Caso Plusspay abre debate sobre diferencias entre inscripción y autorización de la CMF para operar como fintech
La investigación que involucra a la plataforma de criptomonedas reactivó las dudas sobre los requisitos que deben cumplir las empresas del sector para prestar servicios financieros bajo la Ley Fintech.
El caso de la plataforma de criptomonedas Plusspay instaló una nueva discusión en el sector financiero respecto de los mecanismos de supervisión establecidos por la Ley Fintech y los distintos requisitos que deben cumplir las empresas para desarrollar sus actividades en Chile.
La controversia surgió luego de que El Mostrador revelara antecedentes sobre una investigación que vincularía a la compañía con una red que es indagada por presunto lavado de activos asociado al Tren de Aragua.
Caso Plusspay pone foco en los controles de la Ley Fintech
Tras conocerse esos antecedentes, la empresa informó la suspensión temporal de sus operaciones debido al congelamiento de cuentas ordenado por el Ministerio Público y rechazó cualquier relación con actividades ilícitas.

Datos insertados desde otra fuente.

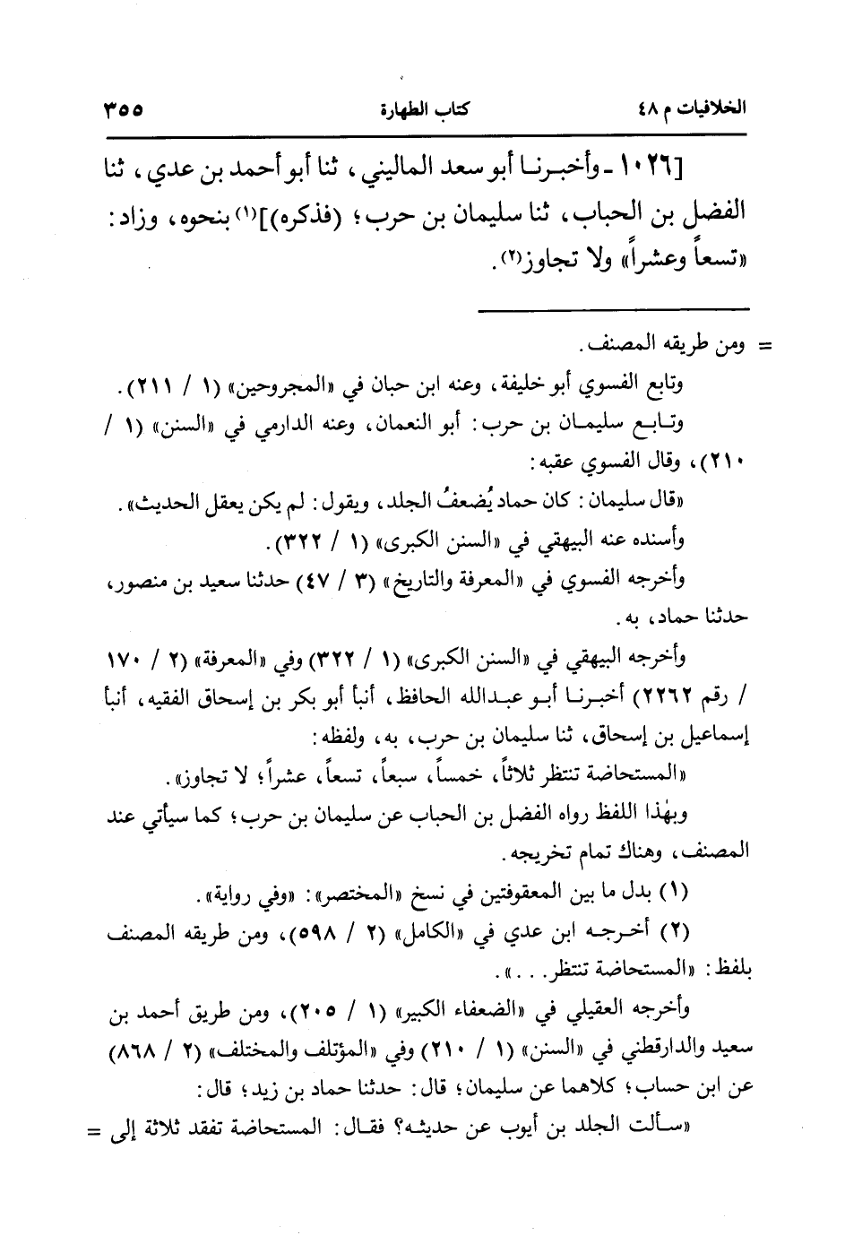 1026- وأخبرنا أبو سعد الماليني، ثنا أبو أحمد بن عدي، ثنا الفضل بن الحباب، ثنا سليمان بن حرب؛ (فذكره)] بنحوه، وزاد: ((تسعاً وعشراً)) ولا تجاوز.

A partir de ese episodio, la Comisión para el Mercado Financiero (CMF) aclaró que la sociedad relacionada con Plusspay figuraba en el Registro de Prestadores de Servicios Financieros, pero que no había obtenido todavía la autorización definitiva contemplada en la Ley.
Inscripción y autorización: las dos etapas que exige la Ley Fintech
La diferencia entre ambos procedimientos es relevante. La inscripción en el registro permite a la autoridad identificar a la empresa, sus representantes y su estructura jurídica, incorporándola al perímetro de supervisión regulatoria. Sin embargo, ese paso por sí solo no constituye una aprobación para prestar servicios financieros.
La autorización, en cambio, supone una evaluación más extensa por parte de la CMF. En esta etapa se revisan aspectos vinculados a gobierno corporativo, gestión de riesgos, controles internos, capacidad tecnológica, ciberseguridad y solvencia operacional, entre otros requisitos establecidos por la normativa.
La legislación contempla además un régimen transitorio para las compañías que ya operaban antes de la entrada en vigencia de la Ley Fintech.
Gracias a ese mecanismo, algunas entidades pudieron continuar prestando servicios mientras la CMF analizaba sus solicitudes, proceso que aún se encuentra pendiente en numerosos casos debido al alto volumen de trámites ingresados ante el regulador.